Recommendations and research negative on hydroxychloroquine, early testing after exposure

New ACP practice points say not to use chloroquine or hydroxychloroquine alone or in combination with azithromycin for COVID-19 except in trials, and a new study finds that testing for the novel coronavirus is most accurate one to three days after symptom onset.

ACP issued a set of practice points addressing whether clinicians should use chloroquine or hydroxychloroquine alone or in combination with azithromycin for prophylaxis or treatment of COVID-19. The conclusion, based on a systematic evidence review, was that they should not, due to known harms and no available evidence of benefit. However, the guidance said that in the context of a clinical trial, clinicians may use the drugs to treat hospitalized COVID-19-positive patients, using shared and informed decision making with patients (and their families). The points were approved by the ACP Board of Regents on May 4 and published by Annals of Internal Medicine on May 13. They will be updated as new evidence becomes available. A new edition of Annals Consult Guys also focuses on hydroxychloroquine.

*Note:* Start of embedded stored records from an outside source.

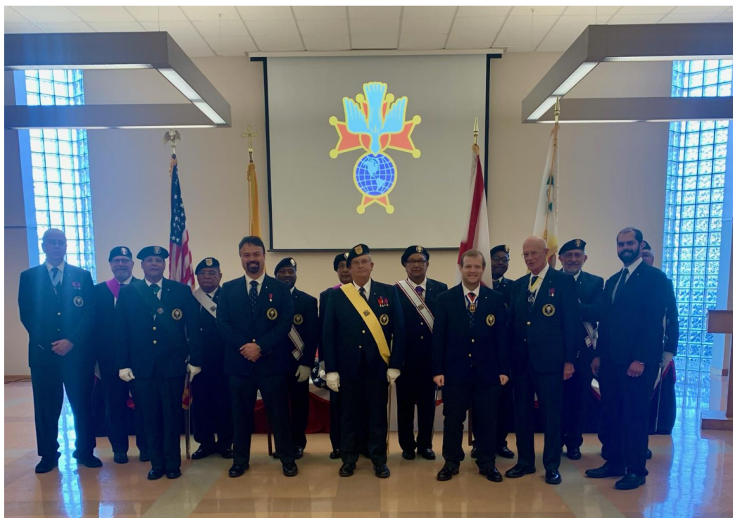
Exemplification Team and Color Corps for the 4 th Degree Exemplification, at Holy Spirit.
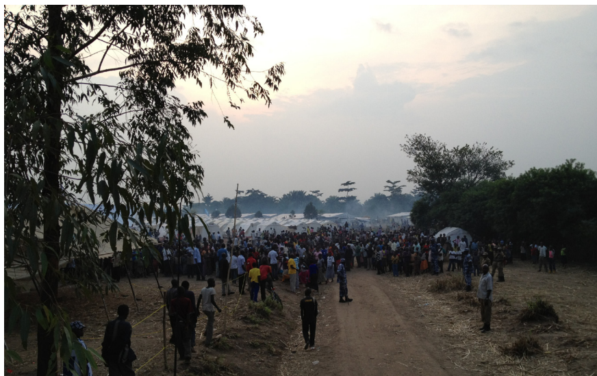
Bubukwanga refugee camp, Bundibugyo, Uganda.

After eight hours on the road together with crowds of people from Kamango, Maurita and her husband were in safety in Uganda.
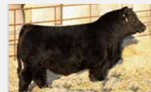
MATERNAL BROTHER - ANCHORAGE MISSOURI 1062

» Roster is a high quality individual and rightfully so with a pedigree that is flat out stacked up
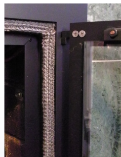
A fireplace with door gaskets
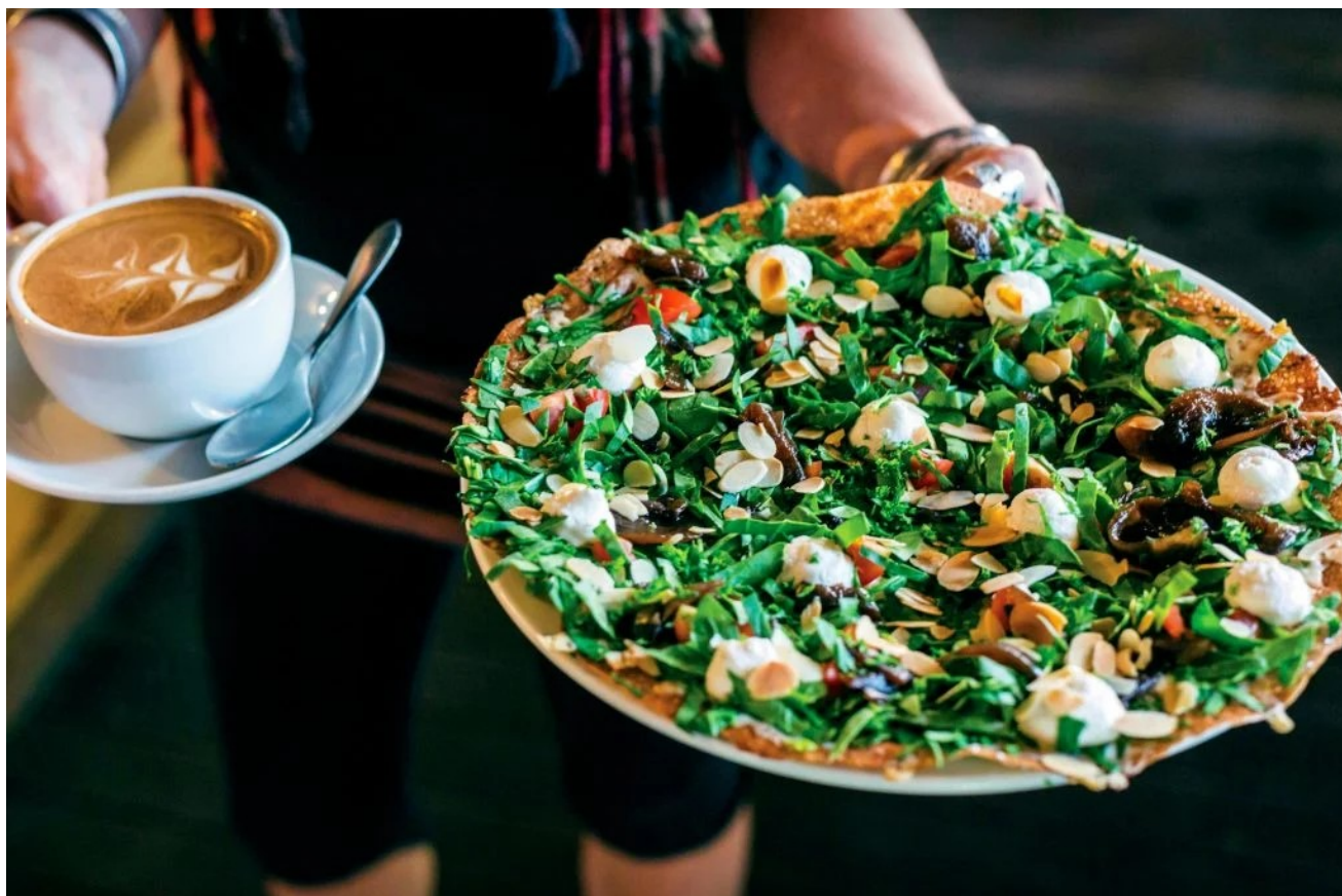
Crepe at Petit Cafe in the Original Markets
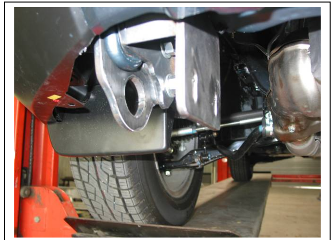
Figure 6: Steel mounting bracket fitted to brace.
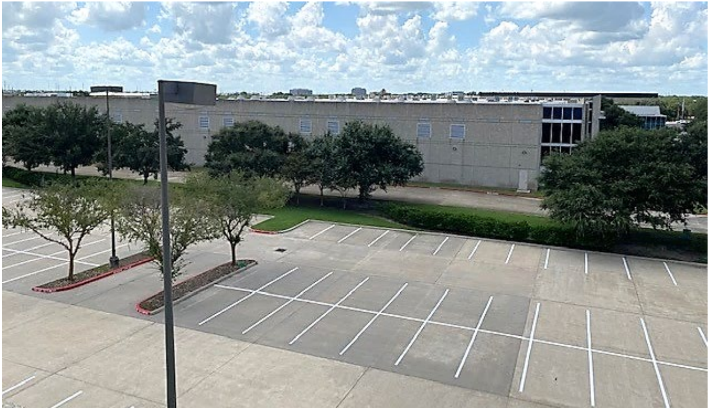
Above-standard ratio of surface parking on a 10.65-acre site
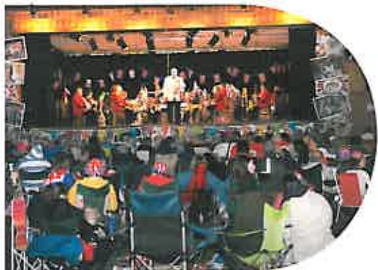
Jubilee joy at the Last Night of the Proms at The Glade in The Forest at Rosliston Forestry Centre
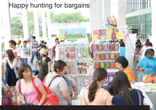
Happy hunting for bargains
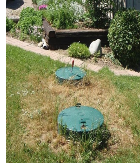
Landscape so that the risers are easily found and accessible.
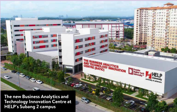
The new Business Analytics and Technology Innovation Centre at HELP's Subang 2 campus
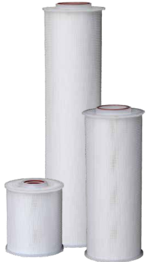
Premium Hurricane® All-Poly Cartridges
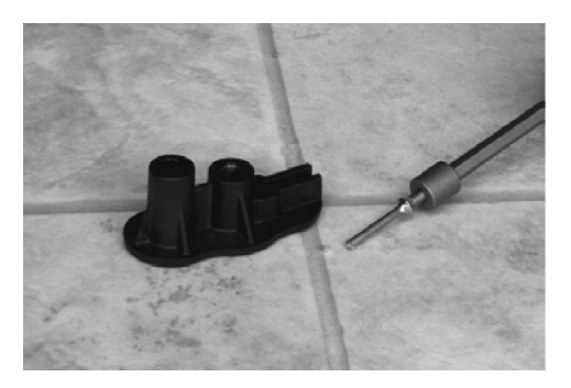
The screw is now set 1/5 of an inch below the floor. Take a hammer and tap the small bump that is left to smooth out the hole and force the hole to fill over.
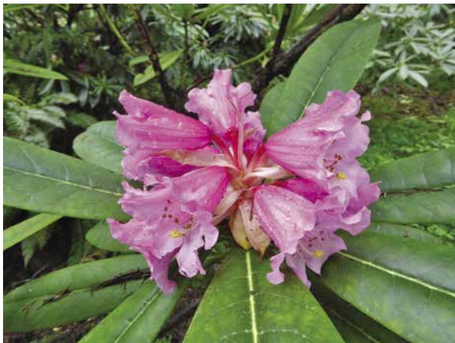
Figure 8: R. jingangshanicum .

summer. A stunning foliage plant, this is known only from the Leigong Shan of Guizhou.
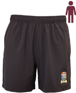
Sport Shorts Unisex
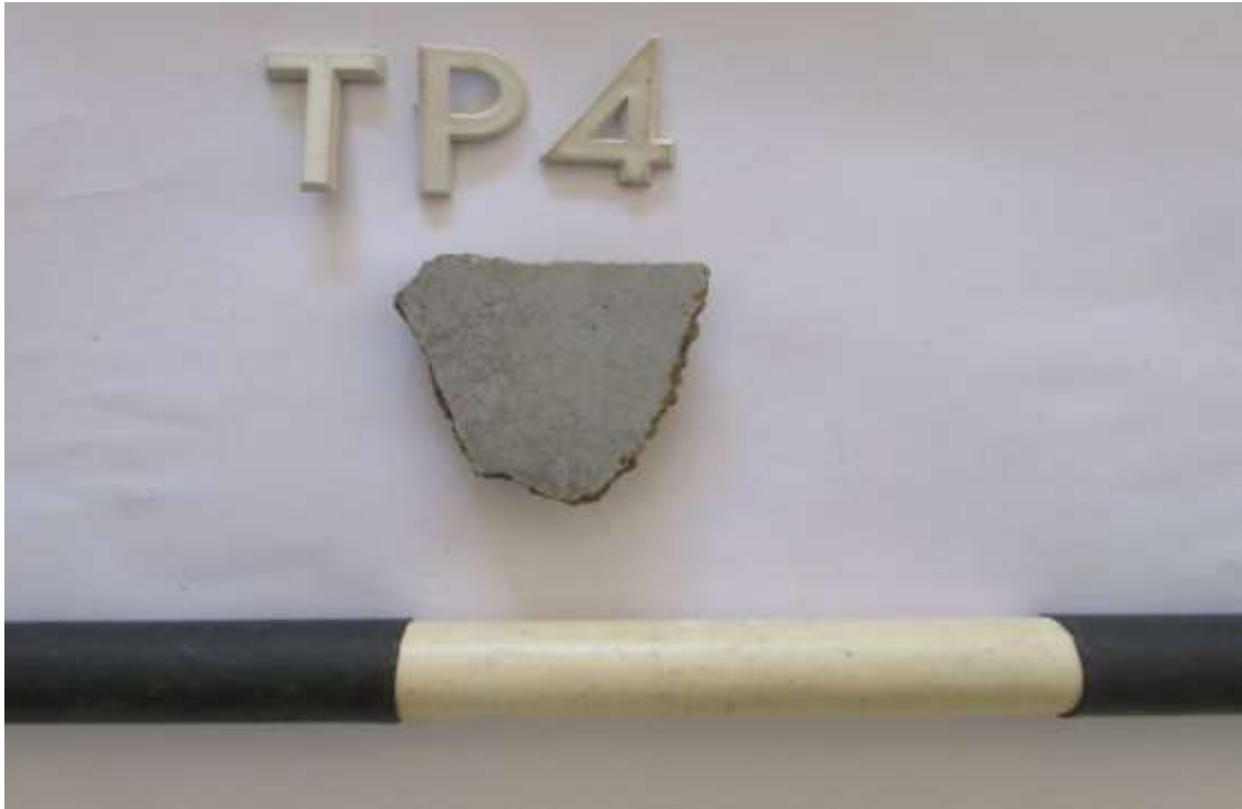
Figure 36: Fragment of a porcelain/ceramic tile.
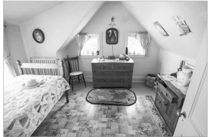
FIG. 13. THE "HIRED GIRL'S ROOM" IN THE WYATT HISTORIC HOUSE MUSEUM.
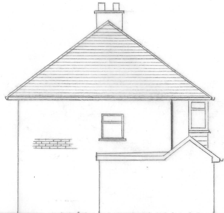
EXISTING SIDE ELEVATION 1
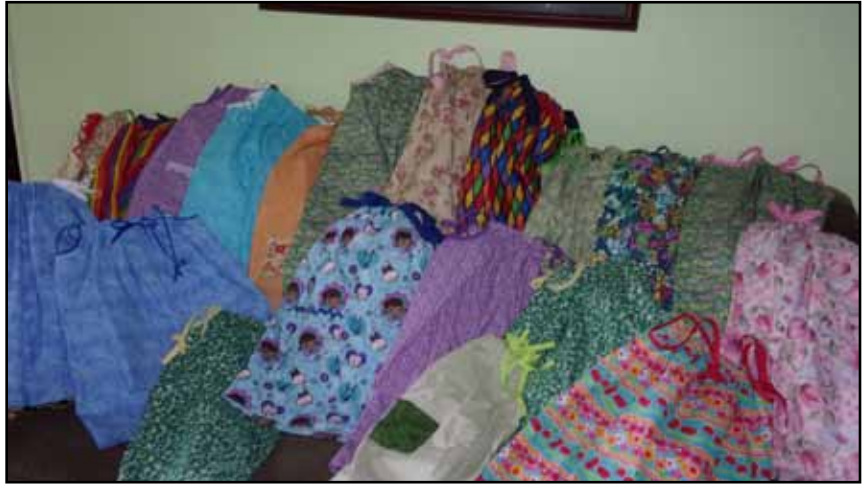
Sun Dresses destined for Sierra Leone through Eduations

LEPC website and Facebook: www.seekinggodtogether.com www.facebook.com/UPCLeicester
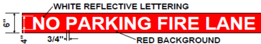
Figure D103.7. Fire Lane Striping. Add a new Figure D103.7. Fire Lane Striping. As follows:

Amend the subtitle of Appendix E to read as follows:
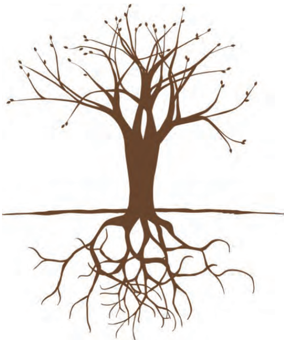
Figure 8: Xsense's Tree.
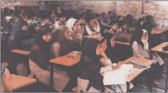
Students participating in lecture.

■ STATE TIMES NEWS RAJOURI: Keeping in view the Indian Army's core objective of maintaining cordial relations with local citizens a "Lecture on Bad Effects of Tobacco" for spreading awareness amongst young generation as well as local populace was organised. This lecture helped to promote and spread the knowledge on best practices to boost physical & mental wellbeing amongst local people of all age groups of Naili. Refreshments were also offered to the invitees. A total strength of 142 including (12 Gents, 60 Boys and 70 Girls) attended the lecture. During this event, representative of Indian Army briefed the children and youth about tobacco that has become the most common thing these days and many youths are destroying their lives by getting addicted, leading to irreversible damage to lungs, heart and other vital organs. It leads to addiction and causes behavioural changes. Tobacco has an impact on the brain which can lead to depression, conduct problems, personality disorders and can also lead to other serious health risks including
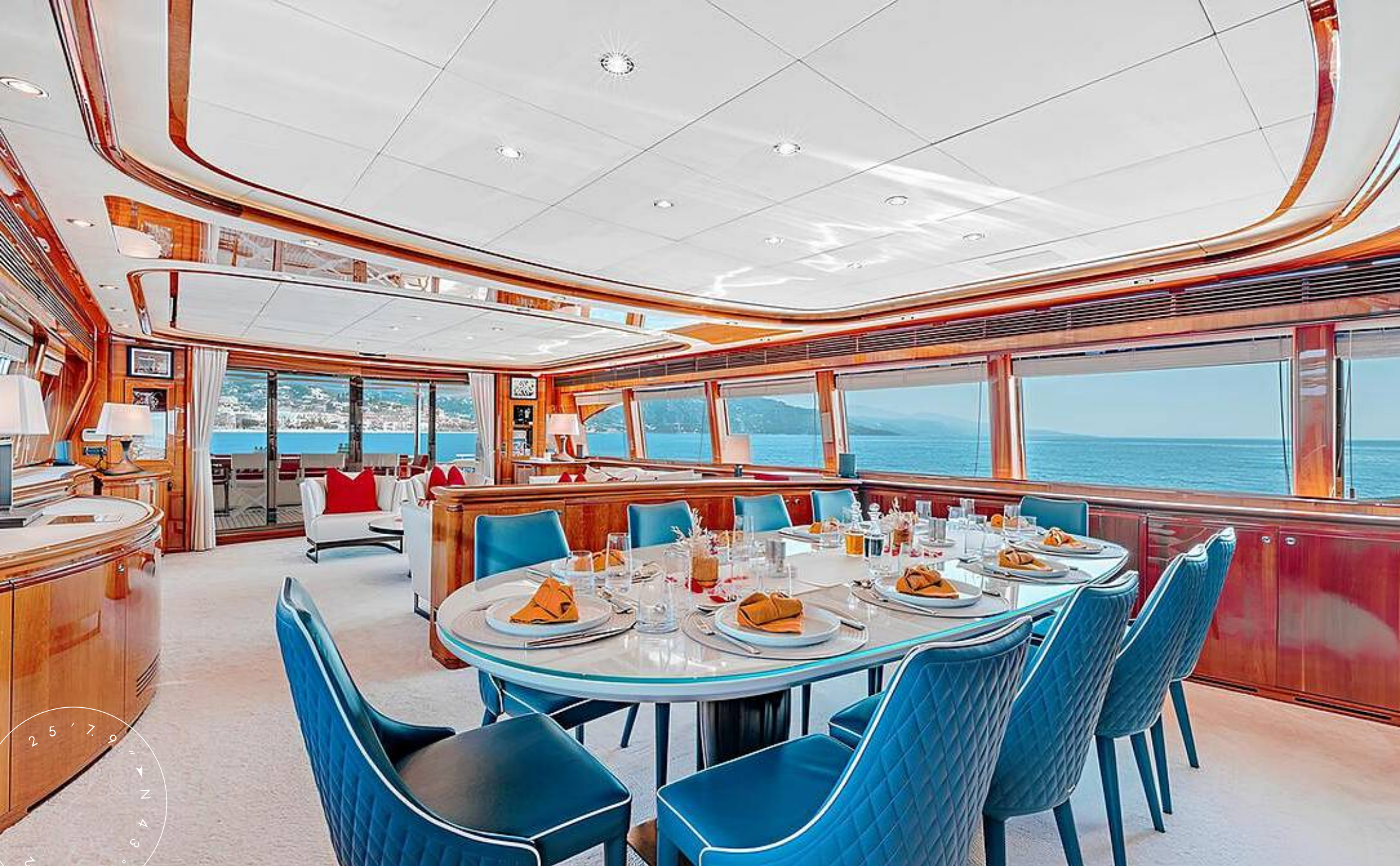
MAIN SALON DINING AREA
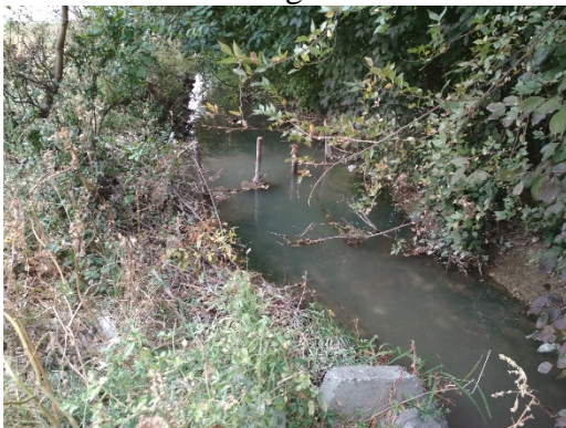
Unlined canal P-4-X-2
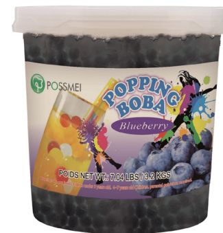
Popping Boba - Blueberry 3.2 kg Shelf Life - 1 Year
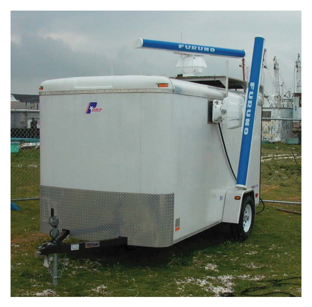
Figure 1. Dual radar system with horizontally and vertically oriented antennas that operate simultaneously. The system allows for data collection on passage magnitude (vertically-oriented radar), altitude (vertically-oriented radar) and flight direction (horizontally-oriented radar).
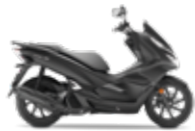
Mat Carbonium Gray Metallic
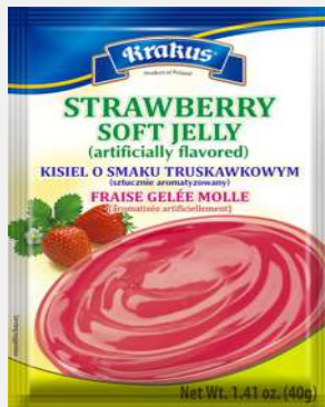
STRAWBERRY SOFT JELLY KISIEL O SMAKU TRUSKAWKOWYM 1.41 oz l 40 g l 30 units UPC# 820213068808
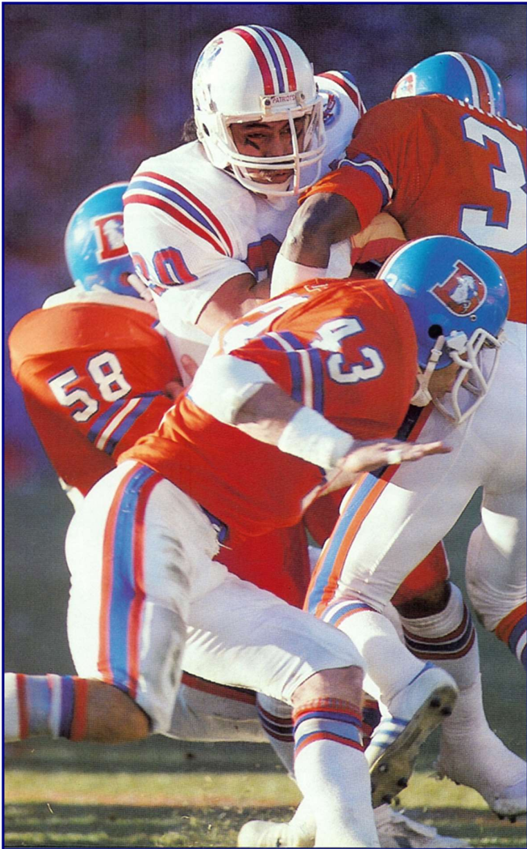
Fig. 87-1. 1987 home uniform (Dec 6)
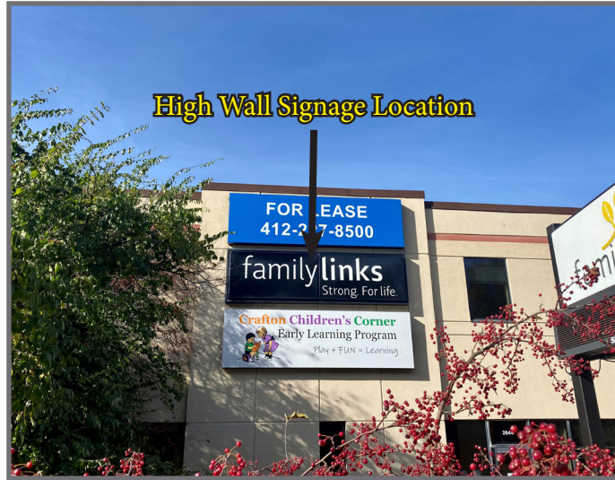
High Wall Signage Location
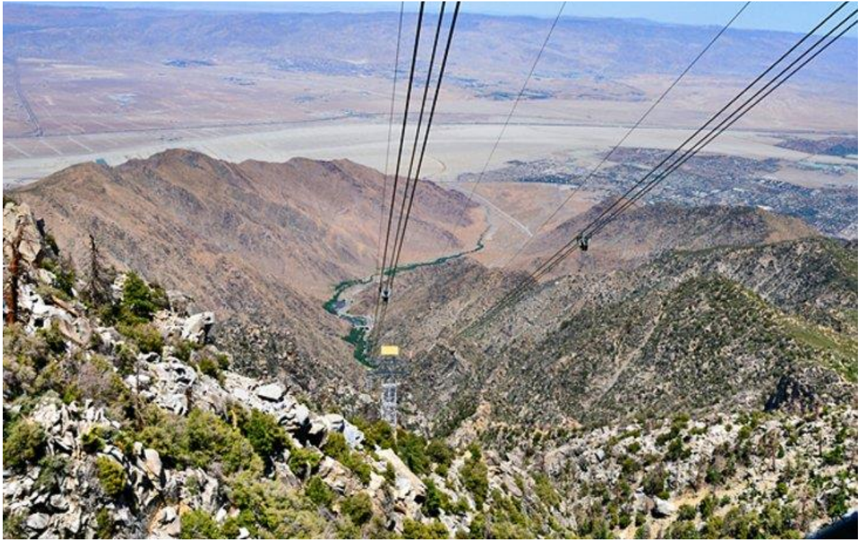
Palm Springs Aerial Tramway and Mount San Jacinto

Standing on the edge of Palm Springs, Mount San Jacinto rises more than 10,000 feet above the desert floor and can be easily accessed with the scenic Aerial Tramway, the world's largest rotating aerial tram car. The view out over the desert is fantastic, and on hot days the cool air at the top can be a refreshing treat.
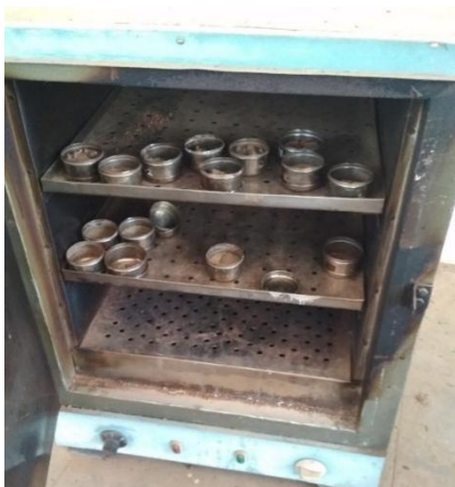
Fig. 1. Soil moisture content measurement by oven drying method
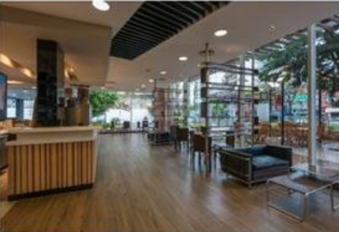
Below is an image of a Dessert Center "Ice Cube" pilot:

Several studies published in the past week failed to find benefit from hydroxychloroquine in COVID-19. A retrospective analysis of 1,438 patients hospitalized in New York, published by JAMA on May 11, found no significant differences in inpatient mortality among patients receiving hydroxychloroquine, azithromycin, both drugs together, or neither drug. Cardiac arrest was significantly more likely in patients receiving both drugs together than those receiving neither. A trial of hydroxychloroquine in hospitalized Chinese patients with persistent but mostly mild to moderate cases of COVID-19 did not find any significant difference in the rate of negative conversion between 75 patients randomized to the drug and 75 who didn't receive it, according to results published by The BMJ on May 14. Similarly, no differences in outcomes were found in a retrospective study of French patients with COVID-19 who required oxygen but not intensive care, also published by The BMJ on May 14. Rates of ICU transfer and survival were similar in the 84 patients who received hydroxychloroquine within 48 hours of admission and the 89 patients who did not receive it.

Highlighting another challenge in combating COVID-19, testing for SARS-CoV-2 soon after exposure results in a high false-negative rate, according to an analysis published by Annals of Internal Medicine on May 13. It included seven studies with 1,330 patients (some hospitalized, some not) that provided data on reverse transcriptase polymerase chain reaction (RT-PCR) test performance by time since symptom onset or exposure. The study found that with a typical time of symptom onset on day 5, the probability of a false-negative result in an infected person decreases from 100% on day 1 to 67% on day 4, 38% on day 5, and 20% on day 8. It then increases from 21% on day 9 to 66% on day 21. Given that the false-negative rate was lowest on day 8, the results suggest clinicians “should consider waiting 1 to 3 days after symptom onset to minimize the probability of a false-negative result,” the study authors said.

They noted that “if testing is done immediately after exposure, the pretest probability is equal to the negative posttest probability, meaning that the test provides no additional information about the likelihood of infection” and that “if clinical suspicion is high, infection should not be ruled out on the basis of RT-PCR alone, and the clinical and epidemiologic situation should be carefully considered.” The latest edition of Annals On Call also addressed testing for COVID-19, as did a recent Q&A in ACP Hospitalist Weekly.

Finally, another recent study, published by Clinical Infectious Diseases on May 15, looked at COVID-19 infections and outcomes among health care workers in China. Out of a total of 2,457 health care worker cases, 52.06% were nurses, 33.62% were doctors, and 14.33% were other staff. The case infection rate was 2.22% among nurses and 1.92% among doctors. Although the case infection rate of health care workers was significantly higher than that of non-health care workers (2.10% vs. 0.43%), their case fatality rate was significantly lower (0.69% vs. 5.30%). The results should spur protective measures for health care workers beyond an adequate supply of personal protective equipment, the authors said. “Other measures should be considered, including nutritious food supply, adequate rest time, and societal, familial, and psychological support.”